_What needs to be done_:
Please copy all of the data that follows exactly, leaving any pictures out.

_Exercise data_:
▼

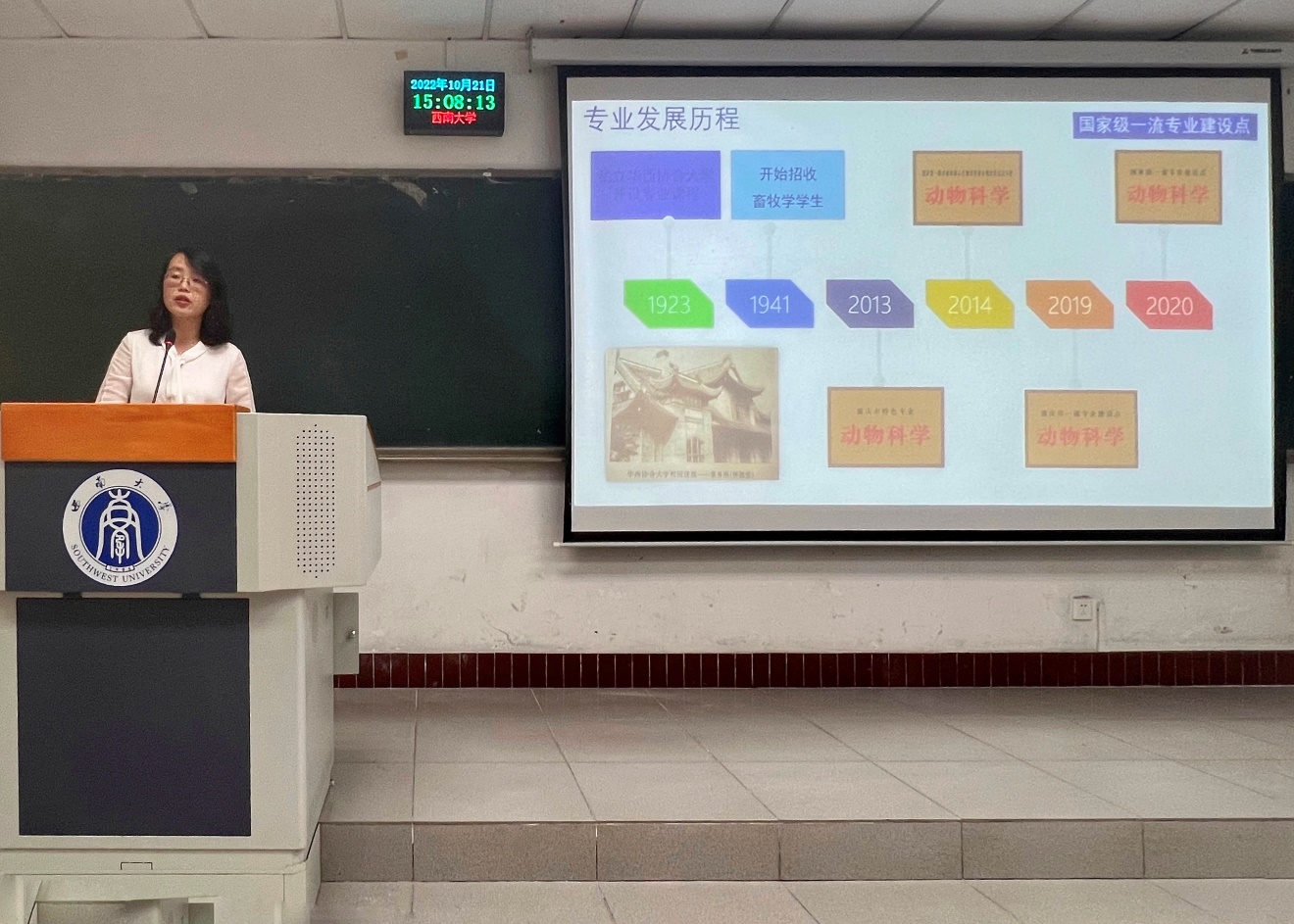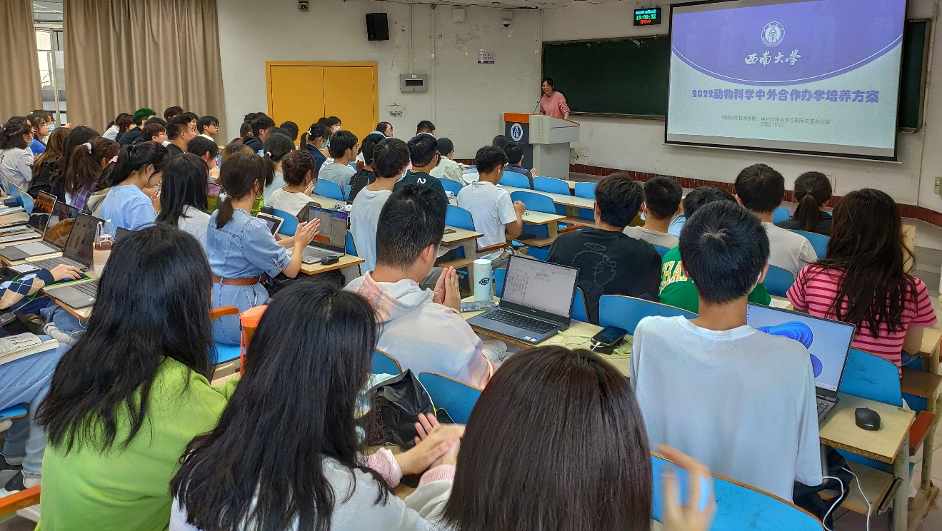 介绍会上杨游老师根据动物科学专业特色详细为新生介绍了中外合作办学培养方案;孙雅望老师结合自己的留学经历讲解了动物科学出国留学项目等内容。会后许多员工均表示出对动物科学中外合作办学的出国留学项目有浓厚的兴趣,同时杨游、孙雅望等在场老师均为同学提出的学费、申请2+2和3+2的条件等问题进行了一一解答。
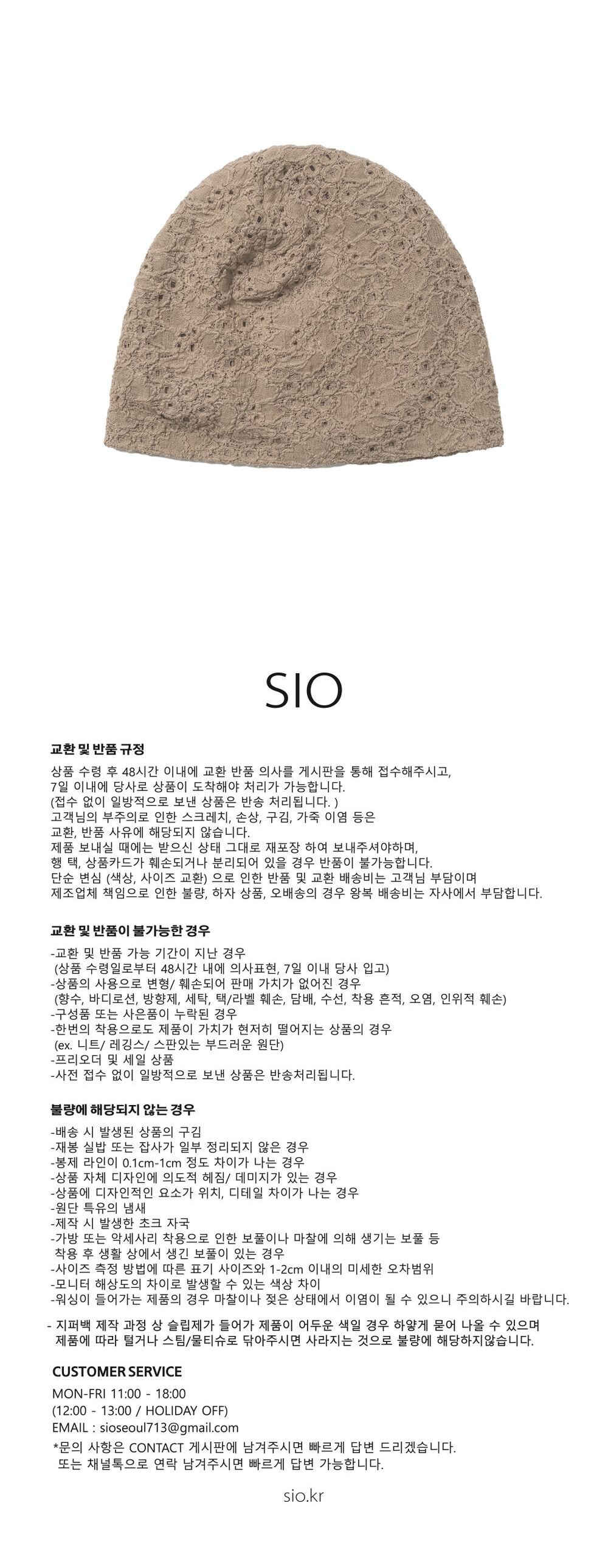 레이스 원단의 셔링 포인트 비니.
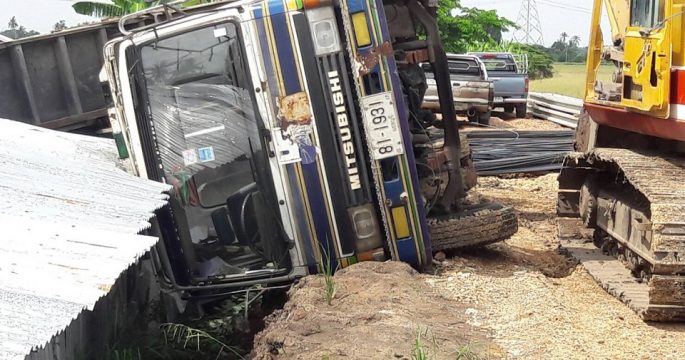 คนงานก่อสร้างเขื่อนริมคลองเมืองปทุมฯ พักเที่ยงนั่งกินข้าวในบ้าน เกิดเหตุไม่คาดคิด รถสิบล้อบรรทุกเหล็กเส้นพลิกทับดับ 3 เจ็บ 2 คาดสาเหตุดินอ่อนตัว

▲

_Exercise solution_:
 介绍会上杨游老师根据动物科学专业特色详细为新生介绍了中外合作办学培养方案;孙雅望老师结合自己的留学经历讲解了动物科学出国留学项目等内容。会后许多员工均表示出对动物科学中外合作办学的出国留学项目有浓厚的兴趣,同时杨游、孙雅望等在场老师均为同学提出的学费、申请2+2和3+2的条件等问题进行了一一解答。
 레이스 원단의 셔링 포인트 비니.
 คนงานก่อสร้างเขื่อนริมคลองเมืองปทุมฯ พักเที่ยงนั่งกินข้าวในบ้าน เกิดเหตุไม่คาดคิด รถสิบล้อบรรทุกเหล็กเส้นพลิกทับดับ 3 เจ็บ 2 คาดสาเหตุดินอ่อนตัว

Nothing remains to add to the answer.